# Derivation of Beta Function Expressions

In this post, I will derive some basic expressions of the beta function. I will follow the equation numbering of Higher Transcendental Functions (Bateman Manuscript), Volume 1, page 9 (print), page 35 (pdf).

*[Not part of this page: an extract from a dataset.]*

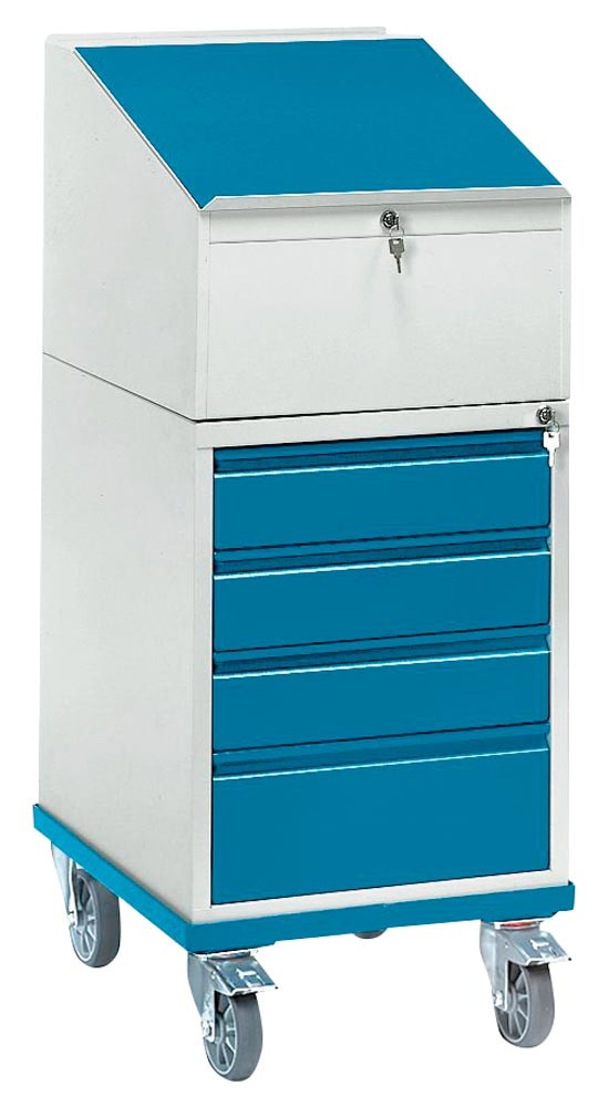 ∙ Stehpult aus Stahlblech, abschließbar, pulverbeschichtet RAL 7035 lichtgrau ∙ Schreibplatte aufklappbar, mit aufgeklebter Schreibunterlage ∙ Stahlschrank-Unterbau mit 3 Schubladen 120 mm, 1 Schublade 180 mm hoch auf Kugelauszug mit Auszugsperre und Zentralverschluß ∙ Tragkraft 25 kg/Schublade ∙ Unterbau Korpus RAL 7035 lichtgrau, Fronten RAL 5007 brillantblau pulverbeschichtet ∙ 4 Lenkrollen mit Vollgummi-Bereifung, 2 davon mit Feststeller ∙ Naben mit Rollenlager

We begin with the basic integral definition of the beta function

\mathrm{B}(x,y) = \int\limits^{1}_{0} t^{x-1} (1-t)^{y-1} \mathrm{d} t
\quad \mathrm{for} \,\, \mathrm{Re} \, x > 0 \,\, \mathrm{and} \,\, \mathrm{Re} \, y > 0
\label{eq:bf1}
\tag{1}

\mathrm{B}(x,y) = \int\limits_{0}^{\infty} \frac{v^{x-1}}{(1+v)^{x+y}} \mathrm{d} v
\quad \mathrm{for} \,\, \mathrm{Re} \, x > 0 \,\, \mathrm{and} \,\, \mathrm{Re} \, y > 0
\label{eq:bf2}
\tag{2}

To derive this equation, we begin with \eqref{eq:bf1} and make the substitution

t = \frac{v}{1+v}

to obtain

\mathrm{B}(x,y) = \int\limits_{0}^{\infty} \frac{v^{x-1}}{(1+v)^{x-1}} \Big(1 – \frac{v}{1+v}\Big)^{y-1} \frac{1}{(1+v)^{2}} \mathrm{d} v

simplification yields \eqref{eq:bf2}.

\mathrm{B}(x,y) = \int\limits_{0}^{1} \frac{(v^{x-1}+v^{y-1})}{(1+v)^{x+y}} \mathrm{d} v
\quad \mathrm{for} \,\, \mathrm{Re} \, x > 0 \,\, \mathrm{and} \,\, \mathrm{Re} \, y > 0
\label{eq:bf3}
\tag{3}

To obtain \eqref{eq:bf3} we begin with \eqref{eq:bf2} and break up the integral

\mathrm{B}(x,y) = \int\limits_{0}^{1} \frac{v^{x-1}}{(1+v)^{x+y}} \mathrm{d} v + \int\limits_{1}^{\infty} \frac{v^{x-1}}{(1+v)^{x+y}} \mathrm{d} v

and designate the last integral as I.

For I, we make the substitution $$w = v^{-1}$$

\mathrm{I} = \int\limits_{0}^{1} \frac{1}{w^{x-1}} \frac{w^{x+y}}{(1+w)^{x+y}} \frac{1}{w^{2}} \mathrm{d} w

Simplifying and then making the substitution for I yields \eqref{eq:bf3}.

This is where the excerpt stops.